Buccoo Village: A small village best known for its Easter goat and crab races. The village comes totally alive on Sunday nights with the start of "Sunday School", which is a loud, vibrant street party and an ideal way of sampling one aspect of Tobagonian social life. It starts at 8pm every Sunday evening when the Buccooneers Steel Band orchestra play pan for a couple of hours, but only really gets into gear about 11pm when the main sound system, which plays across the beach, kicks in. The music is primarily Jamaican Dancehall with the best soca, hip hop and R+B. We went with our guide Harris MacDonald, and although it was lovely to see so many youngsters having a great time, it was too noisy for me. (Well, I am 50ish after all), but Chris had a great time!

Castara: The villages on the north coast - Castara, Parlatuvier, Bloody Bay and L'Anse Fourmi - are extremely picturesque with small houses and sheltered blue bays and stunning scenery.
This picture shows a communal bread oven at Castara.

Charlotteville: A small unspoilt fishing village, useful as a diving base. Some 60% of the entire island's fishing catch comes from Charlotteville. The village has become a customs and immigration entry point in recent years, so tourist yachts now frequent the bay.



Flagstaff Hill: Located at the northern tip of the island, it served as an American military lookout and radio tower during World War II. The panoramic view at the top of the hill is breathtaking. The St. Giles' Islands can be seen (where the Atlantic Ocean meets the Caribbean Sea) as well as the tiny fishing village of Charlotteville.

Fort Bennett:
A beautiful lookout point at Black Rock in Stonehaven Bay. The fort was built in 1778 by the British to protect the coast from American privateers. The ruins are well preserved.
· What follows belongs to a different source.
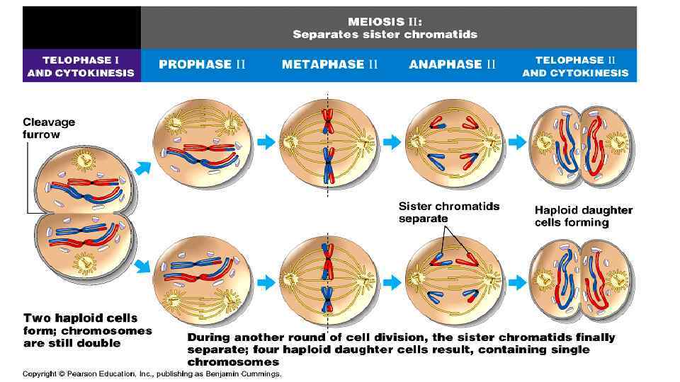 Meiosis II • After meiosis I cells immediately begins second division, meiosis II

Fort Granby: Fort Granby was built in 1768 to protect the island's short-lived capital of Georgetown. There are no traces of the fort left, except the gravestone of a young soldier. The grave is set on a pretty wooded headland with nice views and benches are provided under the trees. Nearby is the Dry Dock Pub - a restaurant made from a converted boat, the Marquis of Granby.


Fort King George: Just a short hop from Scarborough, the remains of Fort King George remain one of Tobago's best preserved monuments. The approaches to the fort take you past the current hospital and the prison. The fort itself was built in the 1770's and the cannons remain as they were, overlooking the coast. The prisoner's bell tank, barracks and officer's mess can still be seen.
The Tobago Museum is housed in the Barrack Guard House and has artefacts from Tobago's early history, plus Amerindian artefacts, military relics and documents from the colonial period. The museum is open Monday to Friday from 9am to 5pm with an admission of TT$5 for adults. Telephone 868-639-3970


Fort Milford: On the westernmost tip of the island, next to the runway at Crown Point airport, only a few cannons and crumbling walls remain of this ancient fort.